This exercise is called soorya namaskar because it is practiced
in the early morning facing the sun. The sun is considered
to be the deity for health and long life. In ancient days,
this exercise was a daily routine in the daily spiritual practices.
One should practice this at least twelve times by repeating
twelve names of the Lord Sun. This exercise is a combined
process of yoga asanas and breathing. It reduces abdominal
fat, brings flexibility to the spine and limbs, and increases
the breathing capacity; it is easier to practice asanas after
doing soorya namaskar.
Before students practice the more complicated and difficult
postures, the spine should acquire some flexibility. For a
stiff person, the sun exercise is a boon to bring back lost
flexibility.
There are twelve spinal positions, each stretching various
ligaments and giving different movements to the vertebral
column. The vertebral column is bent forward and backward
alternately with deep breathing. Whenever the body is bend
forward, the contradiction of the abdomen and diaphragm throws
out the breath. When the body bends backward, the chest expands
and deep breath is corrected; moreover; it mildly exercises
the legs and arms, thus increasing the circulation.
There are twelve positions making one full round of soorya
namaskar. Repeat twelve times daily.
Position 1: Face the sun.
Fold the hands. Legs together, stand erect.
Position 2 : Inhale and raise the arms. Bend
backward.
Position 3 : Exhale and bend forward till
the hands are in line with the feet. Touch the knees with
your head. In the beginning, the knees may be slightly bent
until the head can touch them. After some practice, the knees
should be straightened.
Position 4: Inhale and
move the right leg away from the body in a big backward step.
Keep the hands and left foot firmly on the ground, bending
the head backward. The left knee should be between the hands.
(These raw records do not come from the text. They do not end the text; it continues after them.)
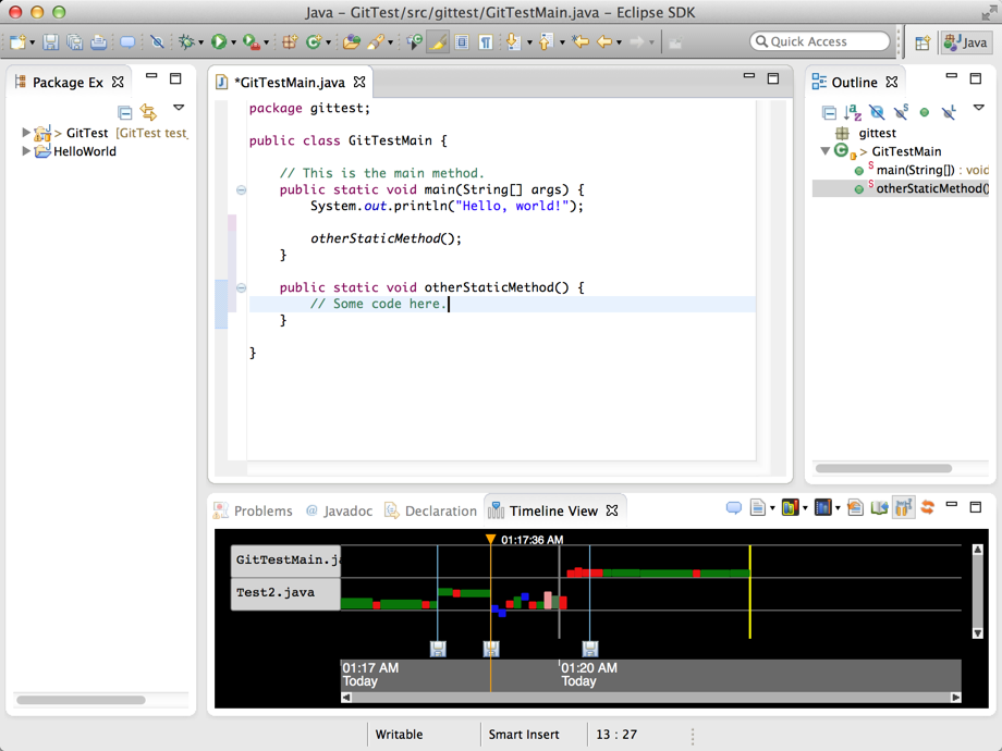 You can also filter the files so that you can focus on the history of certain files. You can show a single file and hide all others, or show all the files that belong to the same Eclipse project by right-clicking the file name in the Timeline view.
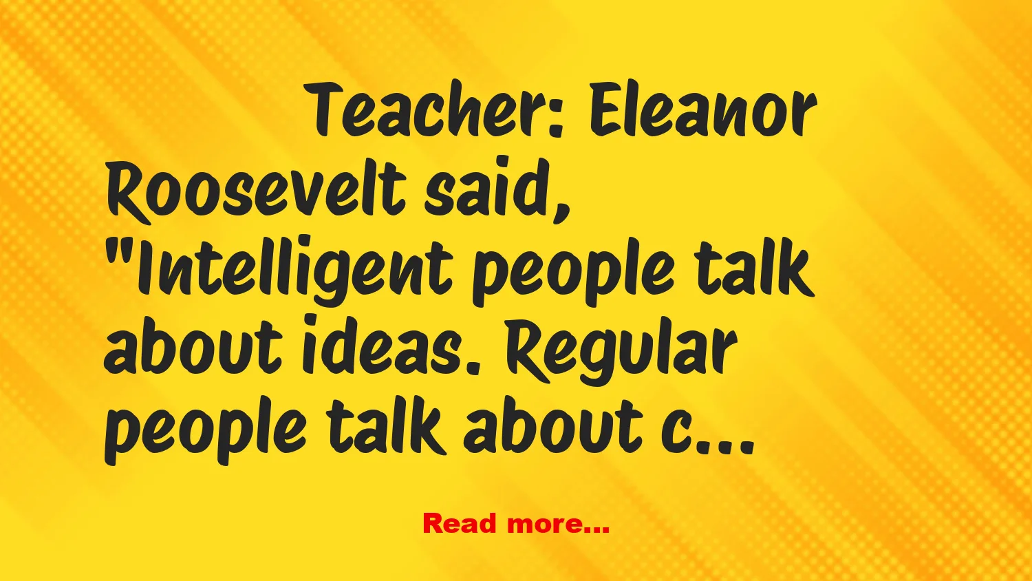 Eleanor Roosevelt said, “Intelligent people talk about ideas.
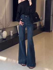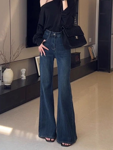 复古蓝高腰微喇牛仔裤女2025年秋季新款宽松显瘦百搭不贴腿喇叭裤
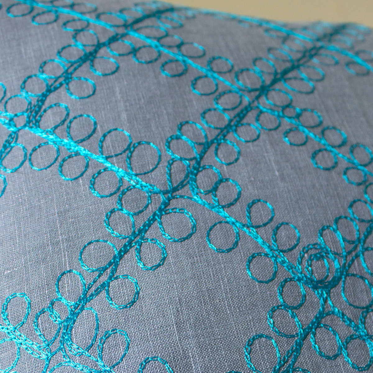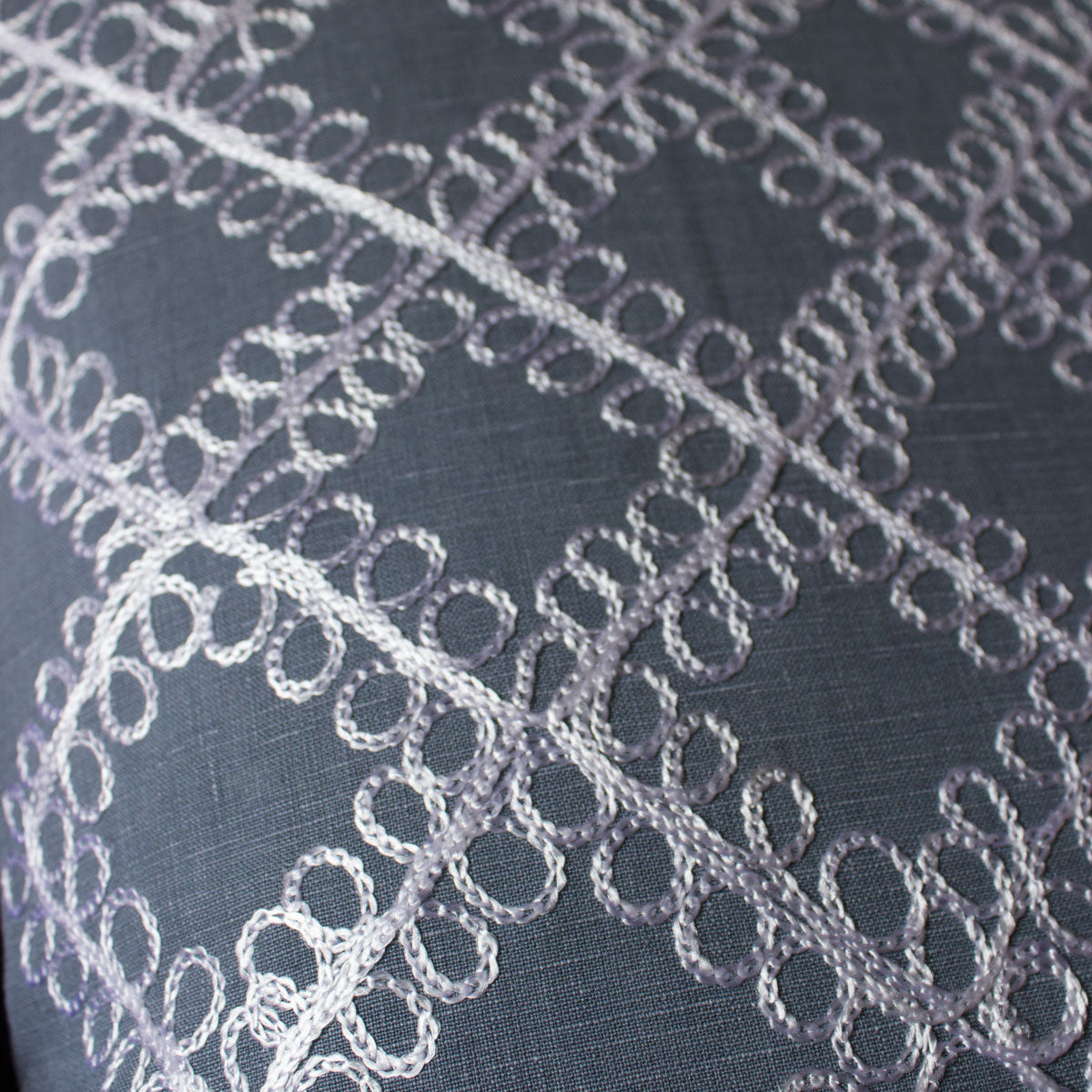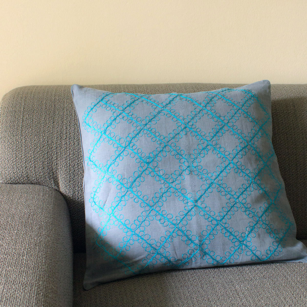 The pattern of this throw pillow cover shows diamonds embroidered with a silk thread, turning into loops on a blue gray linen. The semi manual embroidery "aghabani" technique is part of a remarkable savoir-faire initiated in Aleppo, Syria more than 150 years ago.

Position 5 : Inhale and hold the breath.
Move the left leg from the body and, keeping both feet together
and the knees off the floor, rest on the hands (arms straight)
and keep the body in a straight line from head to foot.
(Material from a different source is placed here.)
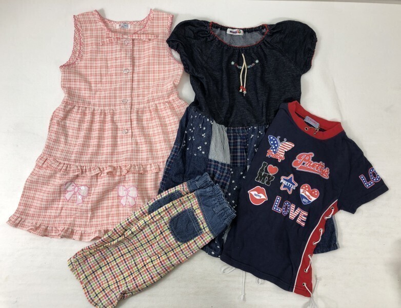 キッズ 子供服 女の子 サイズ130 ワンピース Tシャツ パンツ 4点セット まとめ売り 卸し フリマ 福袋 です。
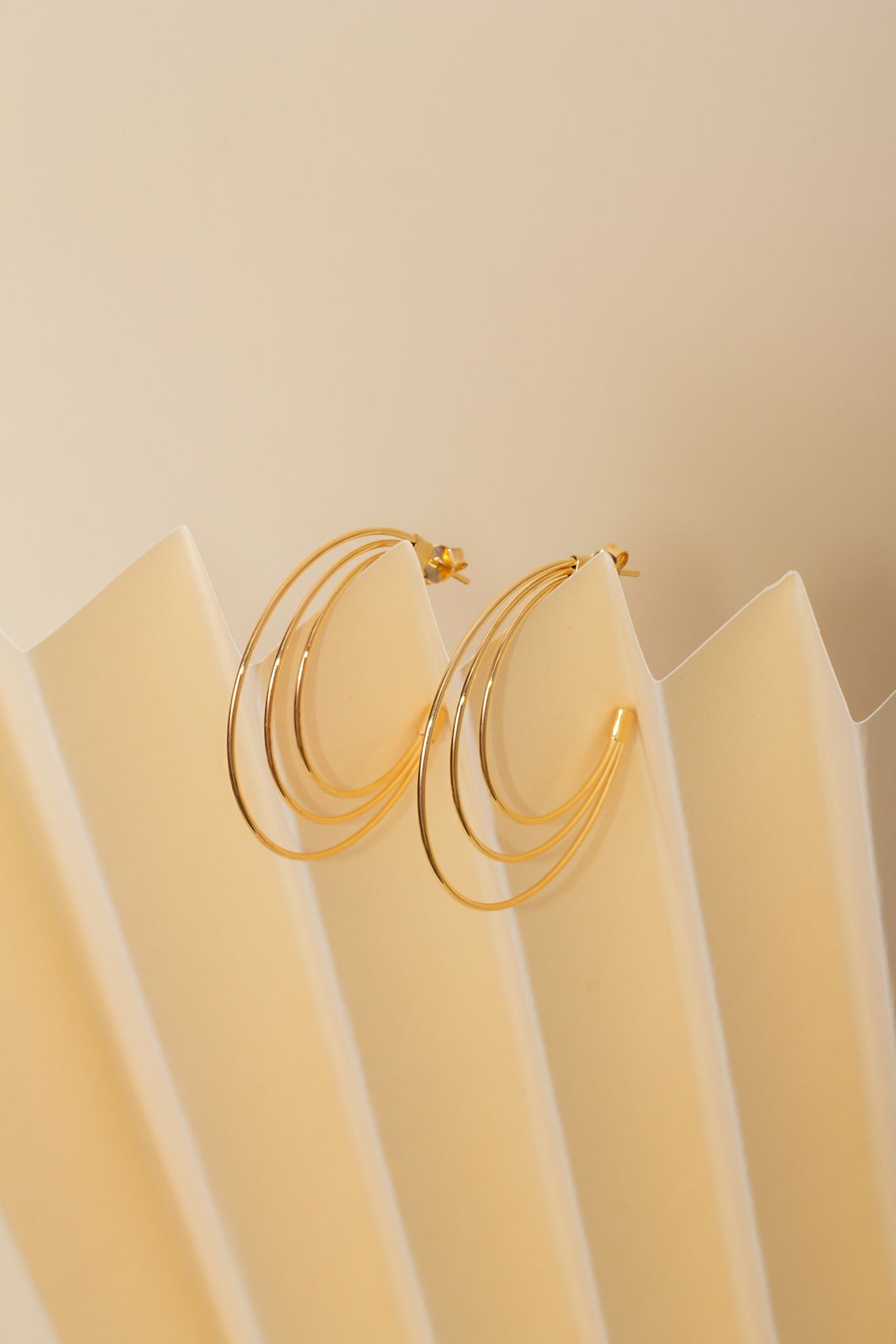 Brinco finamente banhado a Ouro 18k do tipo argola com tarracha, com 3 linhas de ouro ao longo do formato argola.

Position 6 : Exhale and lower the body to
the floor. In this position, known as sastanga namaskar or
eight-curved prostration, only eight portions of the body
come in contact with the floor: two feet, two knees, two hands,
chest and forehead. The abdominal region is raised and, if
possible, the nose is also kept off the floor, the forehead
only touching it.
Position 7 : Inhale and bend backward as
much as possible, bending the spine to the maximum.
Position 8: Exhale and
lift the body. Keep the feet and heels flat on the floor.
Position 9 : Inhale and bring the right foot
along the level of the hands; left foot and knee should touch
the ground. Look up, bending the spine slightly. (Same as
position 4)
Position 10 : Exhale and bring the left leg
forward. Keep the knees straight and bring the head down to
the knees as in the third position.
Position 11 : Raise the arms overhead and
bend backward inhaling, as in position 2.